Opowiedz mi babciu, opowiedz mi dziadku.
Transkrypt
Opowiedz mi babciu, opowiedz mi dziadku.
Justyna Zdunek Szkoła Podstawowa im. C. K. Norwida w Dąbrówce „ Opowiedz mi babciu, opowiedz mi dziadku.” Bohaterem mojego opowiadania jest moja babcia. Na porodówce w Dąbrówce 13.03.1953 roku przyszła na świat jako trzecie dziecko w rodzinie. Rodzice babci byli rolnikami, więc jako mała dziewczynka pomagała w gospodarstwie. Pasała bydło, zbierała ziemniaki, w czasie żniw robiła paski pod snopki, grabiła siano, pieliła grządki. Bardzo miło wspomina swojego tatę Eugeniusza, który często czytał im książki, ponieważ w domu nie było telewizora. To było piękne. Mama babci kochała kwiaty i te w domu i w ogródku. Robiła na szydełku piękne rzeczy. To od swojej mamy babcia nauczyła się szydełkować. Mając 14 lat babcia Krysia w wakacje wyjechała z innymi dziećmi na zbiór malin. Pierwsze zarobione pieniądze dała tacie na nasiona trawy. W następne wakacje kupiła sobie zegarek i pierwszą kurtkę, idąc już dalej do szkoły ponadpodstawowej.

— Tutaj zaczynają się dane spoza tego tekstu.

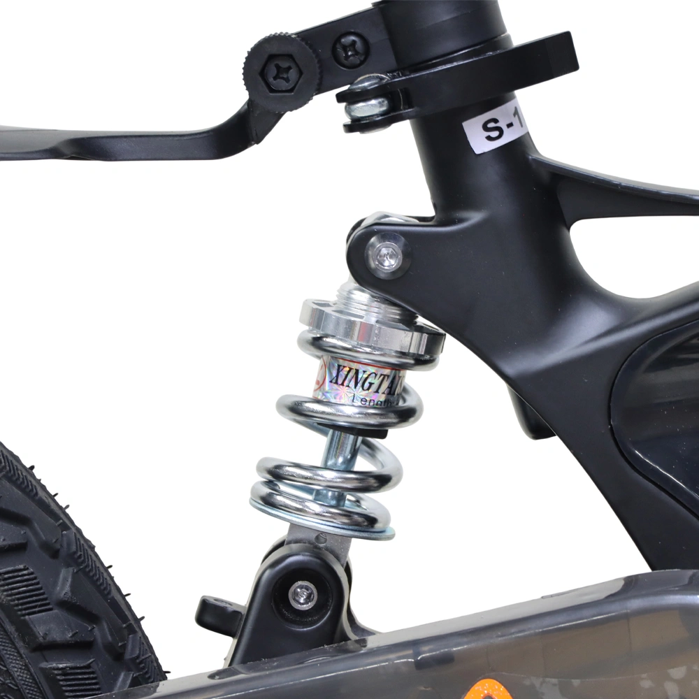 یکی از مهمترین ویژگیهای این دوچرخه، بدنه منیزیمی آن است که نسبت به آلومینیوم یا فولاد، وزن کمتری دارد و در عین حال استحکام بالایی ارائه میکند. بدنه سبک باعث میشود کودک به راحتی بتواند دوچرخه را کنترل کند و در هنگام استفاده، حس سنگینی و سختی را تجربه نکند. همچنین این بدنه در برابر زنگ زدگی و ضربات کوچک بسیار مقاوم است که طول عمر دوچرخه را افزایش میدهد.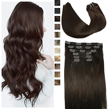 Amazon Com 14 Clip In Human Hair Extensions Full Head 110g 7 Pieces 16 Clips Chocolate Brown Double Weft Brazilian Real Remy Hair Extensions Thick Straight Silky 14 110g 4 Beauty Personal Care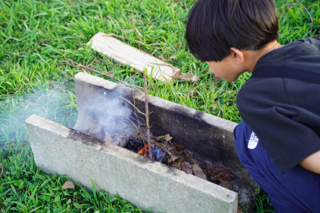 参加された方にお話を伺うと、はじめてマッチを触るお子さんもいたりして、マッチがひとつの体験になっていることを実感! 火がおこせた後は自分でつけた火でフォーキング体験!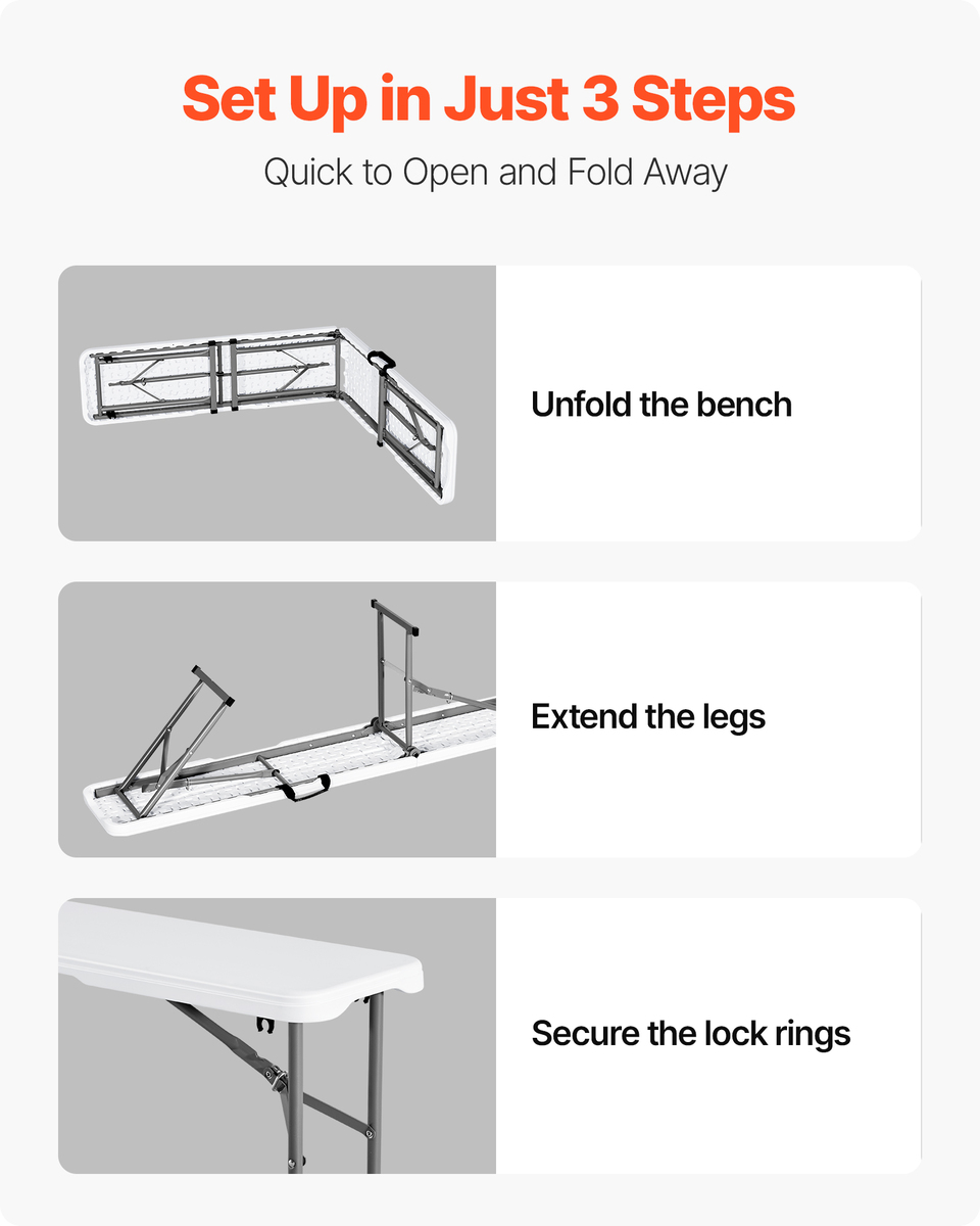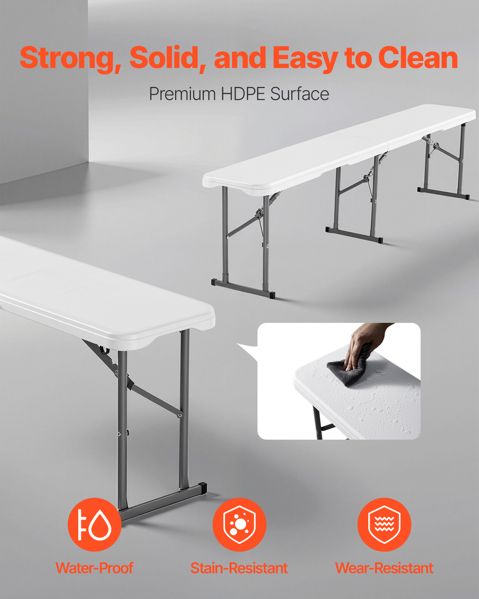 Comfortable Seating: This 71.3x11.0x16.9 inch / 1820x280x430 mm 2-piece portable 6FT folding bench is highly portable and lightweight, with comfortable seating. No assembly is required—ready to use right out of the box

Szkołę zawsze miło się wspomina – mówi babcia i śmieje się do łez, opowiadając mi prawdziwe i śmieszne wydarzenia z lat szkolnych. Wyjątkową atrakcją dla dzieci i młodzieży był adapter, płyty, potańcówki w remizie strażackiej i pierwszy telewizor „Wisła”. Z czasem życie stawało się lżejsze, przybywało sprzętów rolniczych, które ułatwiały pracę w gospodarstwie. Ludzie wzajemnie sobie pomagali, ale też i częściej gościli się. Babcia pozostała do dzisiaj wesoła, pełna energii i humoru i to mi się w niej najbardziej podoba.